Define "nude." If you think it means no clothes, think again. Now define "sexually oriented business." If you're thinking adult store or topless bar, wrong again. A new admission surcharge, which its Legislature sponsors say is just supposed to affect Texas strip joints, could in fact sweep up cabarets, bars, fashion shows, and even mainstream theatres – while potentially violating both the First Amendment and the state tax code.

House Bill 1751, which takes effect Jan. 1, will charge "sexually oriented businesses" (known in legislative circles as "SOBs") that provide live nude entertainment a fee of $5 per customer. The bill, however, defines "nude" as "entirely unclothed; or ... clothed in a manner that leaves uncovered or visible through less than fully opaque clothing any portion of the breasts below the top of the areola of the breasts, if the person is female, or any portion of the genitals or buttocks." Texas already has a statutory definition of SOB, but the bill extends that to any venue that allows the consumption of alcohol and provides live nude performance. According to First Amendment attorney Arthur Selander, "This would include a theatre staging a performance of Hair."

In 2005 a similar surcharge bill, proposed by the Texas Association Against Sexual Assault and backed by Gov. Rick Perry, would have dedicated the cash to public education, but it was widely ridiculed as "Tits for Tots" and rejected by the Lege. Lawrence Collins, a lobbyist for TAASA, said the association started shopping the idea around again to legislators in the interim, finally getting freshman Rep. Ellen Cohen, D-Houston, to sponsor it in the House. Bill Kelly, Cohen's chief of staff, said that as president and CEO of the Houston Area Women's Center, Cohen had been looking for ways to finance a statewide fund for agencies supporting victims of sexual abuse and bolster the patchwork of coverage that has left 54 counties with no program. The first $25 million per biennium raised by the surcharge goes to the newly founded Sexual-Assault Program Fund, to be split between a variety of state, local, and faith-based agencies.
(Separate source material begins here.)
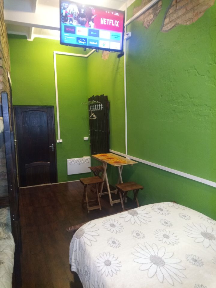 В каждой комнате находится двуспальная кровать и двухъярусная кровать, большой смарт ТВ, стол, стулья, отдельная ванная комната с туалетом, ванной, душем и раковиной, а также всем необходимым для проживания. Большой холодильник, микроволновка, кулер, чайник, чай/кофе в общем доступе. Высокие потолки (3,5 метра).

The rest will go into the Texas Health Opportunity Pool, established under Senate Bill 10. Having sexually oriented businesses pay for the programs, Kelly said, was an "apples-to-apples comparison, where an industry that predominantly employs women would benefit victims of a crime that predominantly affects women." He added that Cohen intended the bill to cover only traditional SOBs. "If there's a performance of Shake­speare with a bare breast, we're not going after that," he said. "We're not trying to be the morality police."

But enforcement and interpretation of the law will be left to the state comptroller's office. Bryant Lomax, tax policy division manager responsible for developing the interpretation guidelines, said his office would take "the plain meaning of the words in the statute and [try] to apply them as reasonably as possible." This means the broadest definitions of "nudity" and "sexually oriented business" the bill allows. A venue could be appraised on a night-by-night basis: If a sports bar held a wet T-shirt contest, for example, it would have to pay the surcharge for that one night. When asked if this would include a theatrical performance with nudity as defined by the bill, Lomax said, "By the language of the bill, [it] would." He also said Cohen had been informed of this broad interpretation and agreed with it.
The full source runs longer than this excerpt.